On March 26, 2010, the then-38-year-old Karine Hakobyan returned home from work and parked her Honda CR-V at a parking lot near her apartment complex on 5800 Lexington Avenue. Before she could exit the car, someone approached and shot her in the head before leaving the crime scene.

==Arrest, detention, and suicide==
Soon after the murders, a colleague of Tersargyan's at the cabinet-manufacturing plant noticed that he was carrying a gun and acting in a strange manner - because of this, he reported him to an Armenian-American officer serving in the Glendale Police Department, who in turn notified investigators in Los Angeles. On April 19, Tersargyan was arrested on weapon violation charges after detectives located several handguns and rifles they believed to be unregistered. Among them was a small-caliber handgun which was sent to a lab for ballistics testing - the result determined it to be the weapon used in Hakobyan's murder.

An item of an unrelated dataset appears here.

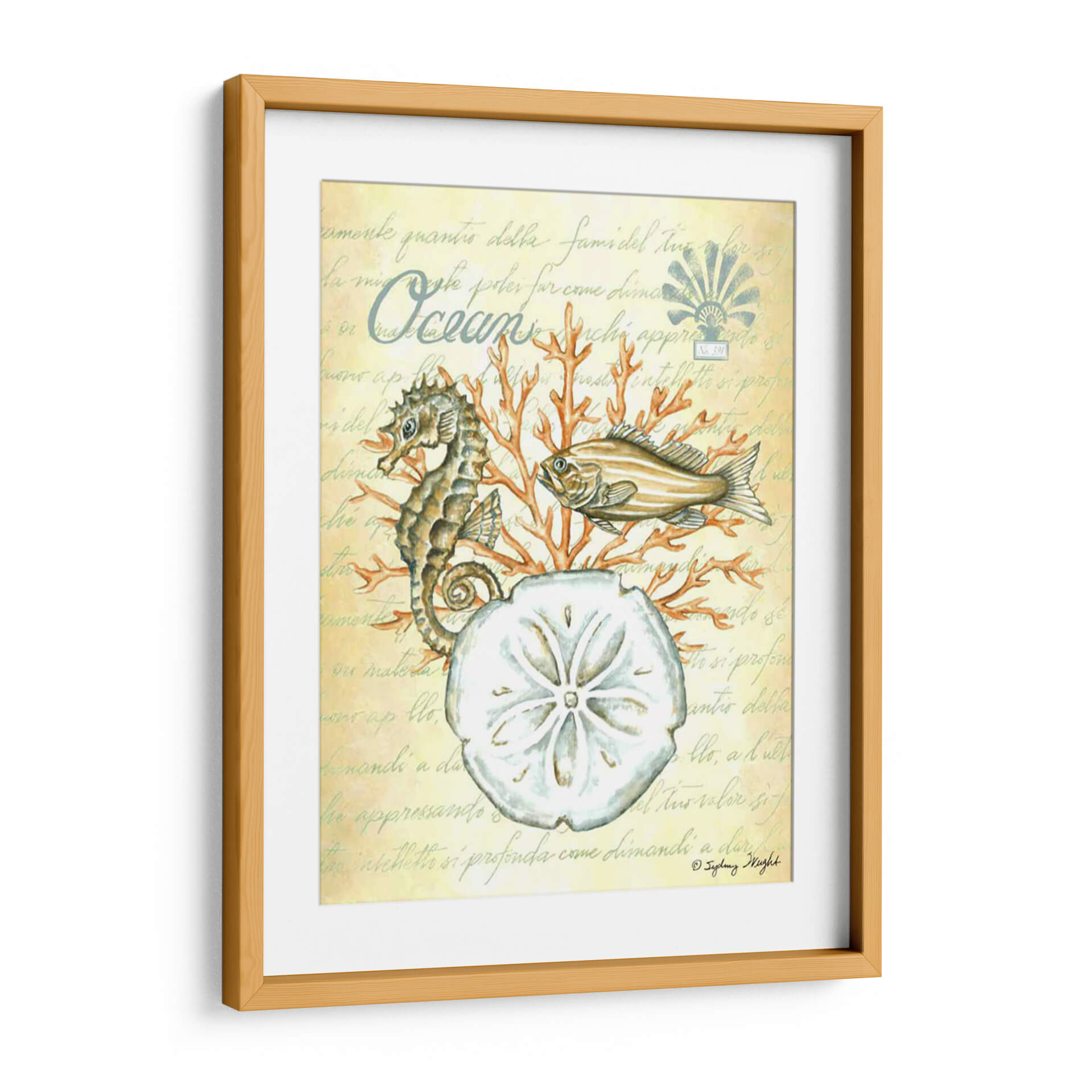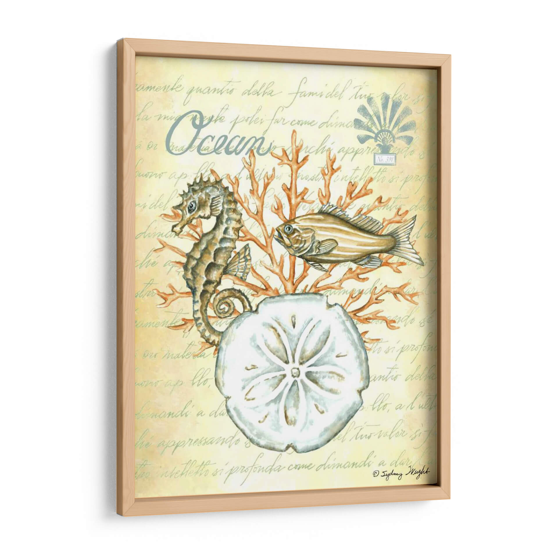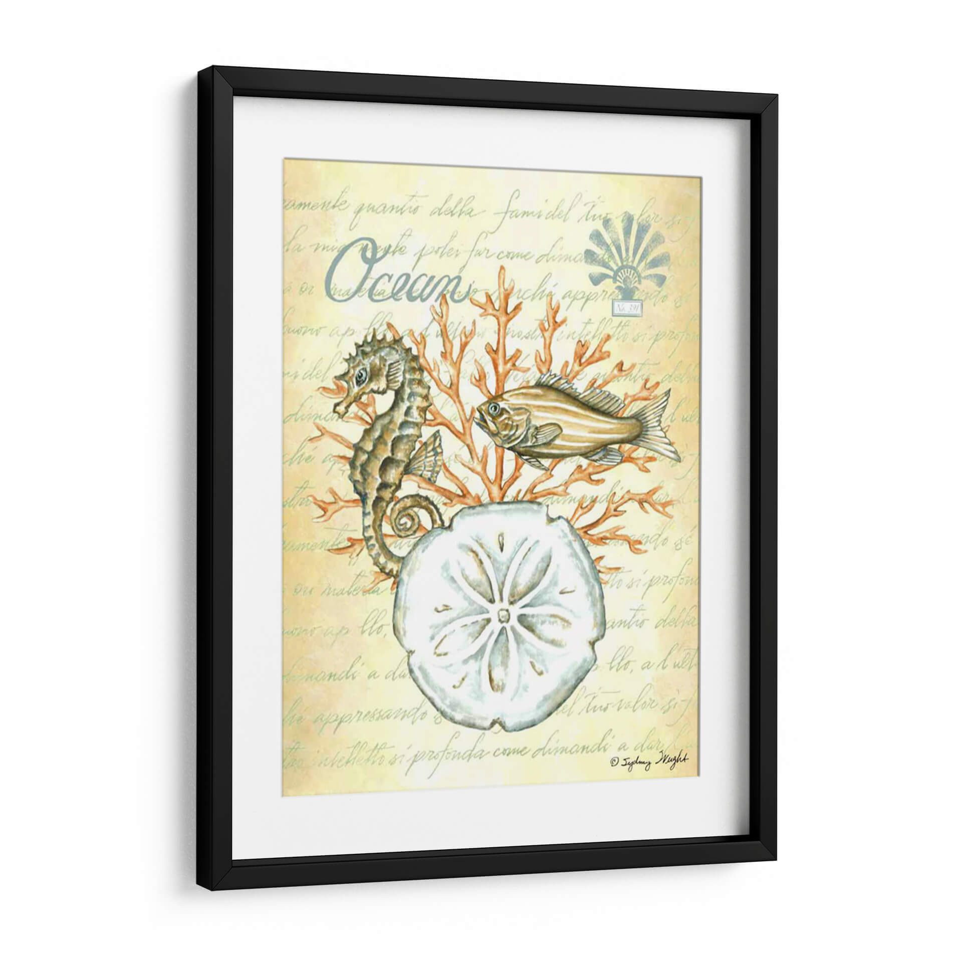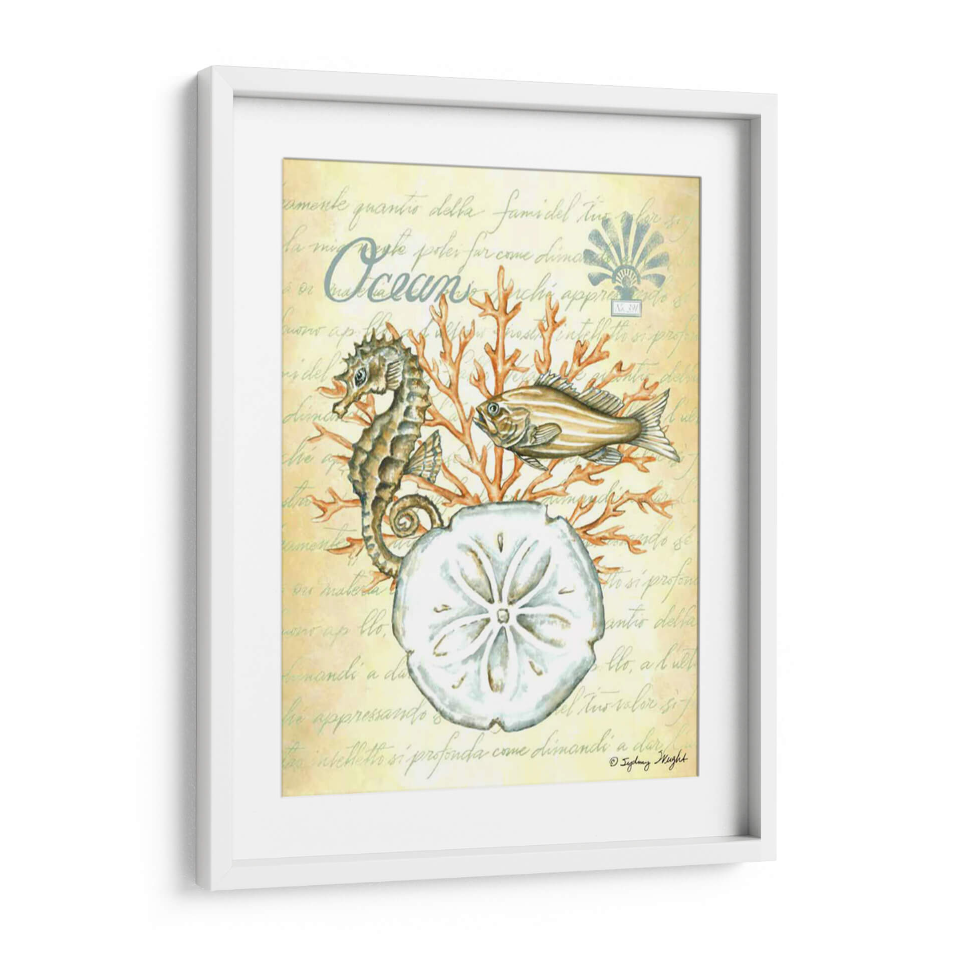 Sumérgete en la serenidad del océano con "Bajo El Mar III", una cautivadora obra de arte de Sydney Wright. Esta pieza evoca la tranquilidad de las profundidades marinas, presentando un detallado caballito de mar, un pez de aspecto sereno y la delicada forma de un dólar de arena, todo ello rodeado de vibrantes corales. La paleta de colores, dominada por tonos suaves y terrosos con toques de naranja coral, crea una atmósfera de calma y conexión con la naturaleza. El fondo texturizado con escritura antigua añade un toque de misterio y elegancia, sugiriendo la historia y el encanto del mundo submarino. "Bajo El Mar III" es ideal para añadir un toque de paz y sofisticación a cualquier espacio, ya sea una sala de estar, un dormitorio o un estudio. Este cuadro decorativo es perfecto para los amantes del mar y para quienes buscan infundir serenidad y belleza natural en su hogar u oficina. Descubre la magia del mundo acuático y transforma tu decoración con esta exquisita pieza.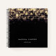 Chic black notebook features strands of gold string lights with a blurred bokeh effect. Personalise with two lines of custom text along the bottom in modern white lettering.

Four days later, Tersargyan was officially charged with Hakobyan's murder and held without bail. A couple of months later, he was charged with the other three murders after ballistic evidence linked him to the crimes. The indictment made him eligible for the death penalty, and as it superseded the existing charges, it meant that no preliminary hearing would be necessary.

In a hearing discussing the case, Judge Hilleri G. Merritt issued an order to prohibit a photographer for The Los Angeles Times from publishing pictures of Tersargyan, arguing that this could result in an unfair bias against him. This was disputed by an executive for the Reporters Committee for Freedom of the Press, who said that there was no legal basis for this order. A final decision for this issue was delayed in August 2010, but its ultimate outcome remains unclear.

In 2014, Tersargyan pleaded not guilty to the Hakobyan murder charge. Tersargyan would never go on trial, as he would commit suicide at the Men's Central Jail on April 1, 2018. Court records indicate that he had been suffering from worsening Alzheimer's disease and supposed suicidal ideation.